Example configuration

pg_tde:
  enabled: true
  vault:
    host: https://vault-service.vault-service.svc:8200
    mountPath: tde
    tokenSecret:
      name: vault-secret
      key: token
    caSecret:
      name: vault-secret
      key: ca.crt

Note that:

  • Mount path needs to be a KV v2 storage engine.
  • caSecret is optional and can be omitted if you want to use http. But in my testing I couldn't manage the make vault work without TLS. It responds with HTTP 405 if I disable TLS in vault.
  • tokenSecret and caSecret can be the same secret or different. Operator doesn't assume anything about the contents of the secrets since you'll need to set secret keys in cr.yaml yourself.
  • Using a non-root token requires more configuration. Check out pg_tde docs for that. But don't forget to add these in the Vault policy:
path "sys/internal/ui/mounts/*" {
      capabilities = ["read"]
}
    
path "sys/mounts/*" {
      capabilities = ["read"]
}

API changes

pg_tde requires more configuration options than other extensions operator supports. This required us make some changes in the extensions API. With these changes, 'spec.extensions.builtin' section is deprecated and all builtin extensions are moved to 'spec.extensions.' (i.e. 'spec.extensions.pg_stat_monitor'). Right now extensions can be enabled/disabled with the old and the new method. If two methods are used at the same time, 'spec.extensions.builtin' takes precedence.

Status changes

A hash will be calculated using pg_tde configuration provided by user. Operator uses this hash to understand if config is changed and it should reconfigure pg_tde. The hash can be found in status.pgTDERevision field of PostgresCluster object. This hash will be removed when pg_tde is disabled.

Operator also communicates the status of pg_tde with conditions. The condition with type=PGTDEEnabled can be found in both PerconaPGCluster and PostgresCluster statuses.

Disabling pg_tde

Disabling pg_tde is more complex than other extensions:

  • First of all any encrypted objects must be dropped before disabling. Otherwise DROP EXTENSION will fail with a descriptive error message. Operator won't drop anything, user needs to do this manually.
  • The extension needs to be disabled in two steps:
    1. First set pg_tde.enabled=false without removing the vault section. Operator will drop the extension and restart the pods.
    2. Then you can remove pg_tde.vault. Database pods will be restarted again to remove secret mounts from containers.
  • It's recommended to run CHECKPOINT before removing pg_tde.vault. Even though extension is dropped, Postgres might still try to use encrypted objects during recovery after restart and it might try to access token secret.

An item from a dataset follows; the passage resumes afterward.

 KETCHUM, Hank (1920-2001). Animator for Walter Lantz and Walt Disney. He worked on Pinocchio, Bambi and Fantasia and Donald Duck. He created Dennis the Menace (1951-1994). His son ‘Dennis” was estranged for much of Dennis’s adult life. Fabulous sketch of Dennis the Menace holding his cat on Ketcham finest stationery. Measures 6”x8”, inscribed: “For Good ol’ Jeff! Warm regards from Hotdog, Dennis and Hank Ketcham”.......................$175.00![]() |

CHECKPOINT helps you prevent this failure case.

Deleting and recreating clusters

If cluster with pg_tde enabled is deleted but PVCs are retained, on recreation you'll see some errors about pg_tde in operator logs. They happen because the vault provider and/or global key already exists. Operator will handle these errors gracefully and configure pg_tde. Same thing applies when pg_tde is disabled and re-enabled. Since both vault provider and global key already exists, operator will handle "already exists" errors and configure pg_tde.

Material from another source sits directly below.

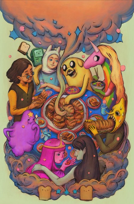 - ↑ Anderson: "The finale story would have revealed that Dr. Gross had been offered amnesty and was secretly working in Humantown, plotting a takeover of all of Ooo. Dr. Gross would’ve created a plague to affect the candy people and something called “GO Juice” [Genetic Optimizer Juice], which was just Finn’s DNA injected into the humans to make them into adventurers too. But, crucially, it wouldn’t have made them teammates—they would’ve just been a bunch of lone wolves. So when Jake and Lady and PB and Marceline and all the rest work together, they defeat the humans easily. Rather than fight Dr. Gross, [Finn] escapes and helps his friends, who are fighting everyone else. There’s a little bit of that story still in issue 5: Finn gets a scratch fighting the robot and Minerva patches it up, and that’s how they would’ve gotten his DNA. I was going to bring back Samantha the dog as a side villain. She would’ve taken over the Candy Kingdom with a dog army, in order to plunder their technology and lead a dog revolution in the Crystal Dimension, but really she was just being used by Dr. Gross. Also Jake would’ve had a family reunion, because I really wanted to write all his kids. Originally it was going to be him and Lady finally getting married. [Cartoon Network] specifically said that Jake and Lady couldn’t get married, because they were, and I quote, a “modern couple”. I still have no idea exactly what that means, haha. I had some thoughts about how I wanted to handle the humans. I didn’t want them to immediately integrate into Ooo, but I didn’t want them to be completely standoffish and weird, either. Issue 12 would’ve ended with them more or less being led by Minerva, and slowly putting themselves out there."

The global key name is determined by cluster's .metadata.uid. For example 'global-master-key-ad19534a-d778-460e-ac87-ca38ef5e6755'. This means the key will be changed if cluster is deleted and recreated. As long as the old key and the new key is accessible to pg_tde, this won't cause any issues. pg_tde will handle it as it handles key rotation.

Validations

  • You can't set pg_tde.enabled=true without setting pg_tde.vault.
  • If you already had pg_tde.enabled, you can't remove pg_tde section completely.
  • If you already had pg_tde.enabled, you can't remove pg_tde.vault section completely.

CHECKLIST

Jira

  • Is the Jira ticket created and referenced properly?
  • Does the Jira ticket have the proper statuses for documentation (Needs Doc) and QA (Needs QA)?
  • Does the Jira ticket link to the proper milestone (Fix Version field)?

Tests

  • Is an E2E test/test case added for the new feature/change?
  • Are unit tests added where appropriate?

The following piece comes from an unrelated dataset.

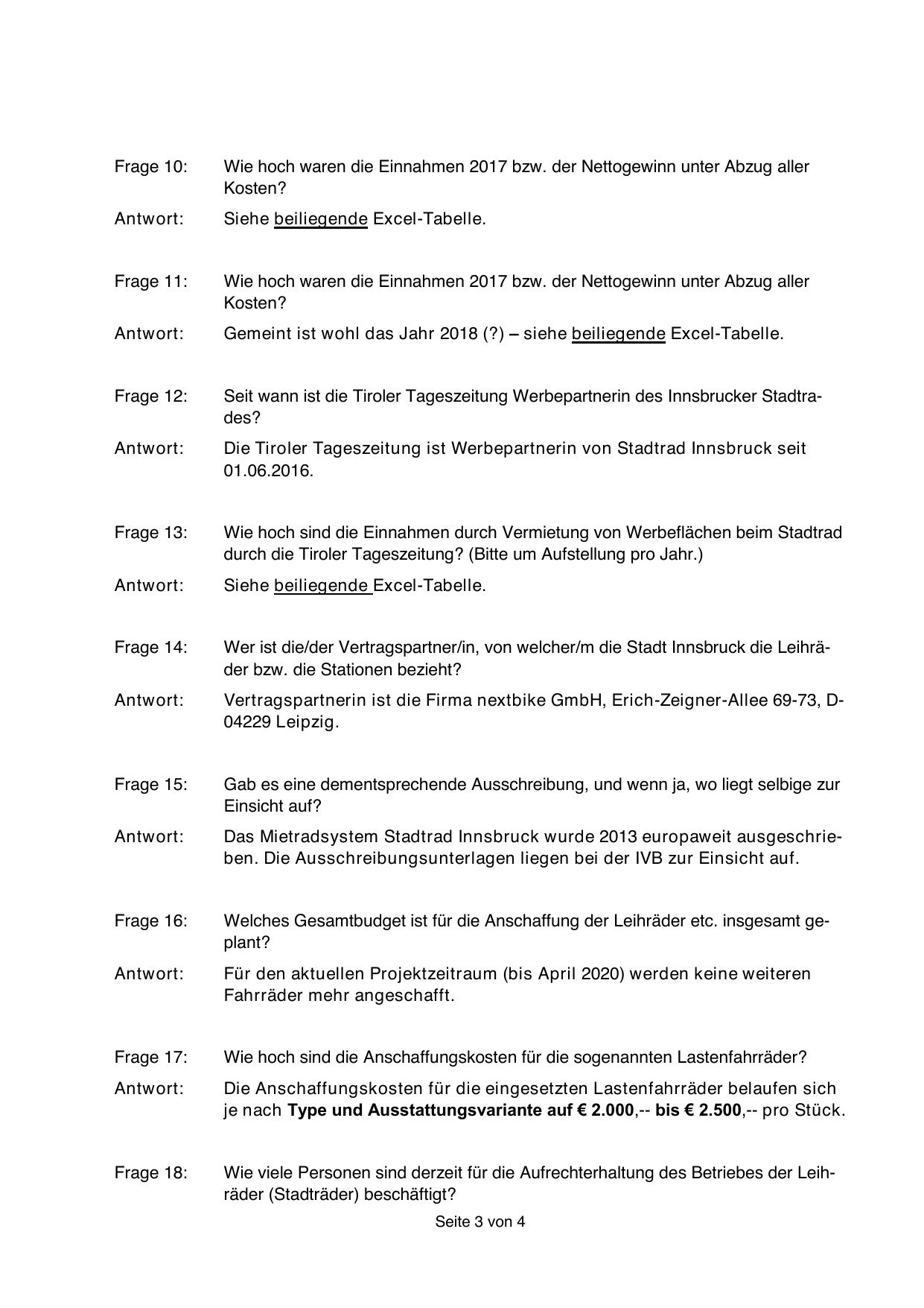 Das Mietradsystem Stadtrad Innsbruck wurde 2013 europaweit ausgeschrieben. Die Ausschreibungsunterlagen liegen bei der IVB zur Einsicht auf.

Config/Logging/Testability

  • Are all needed new/changed options added to default YAML files?
  • Are all needed new/changed options added to the Helm Chart?
  • Did we add proper logging messages for operator actions?
  • Did we ensure compatibility with the previous version or cluster upgrade process?
  • Does the change support oldest and newest supported PG version?
  • Does the change support oldest and newest supported Kubernetes version?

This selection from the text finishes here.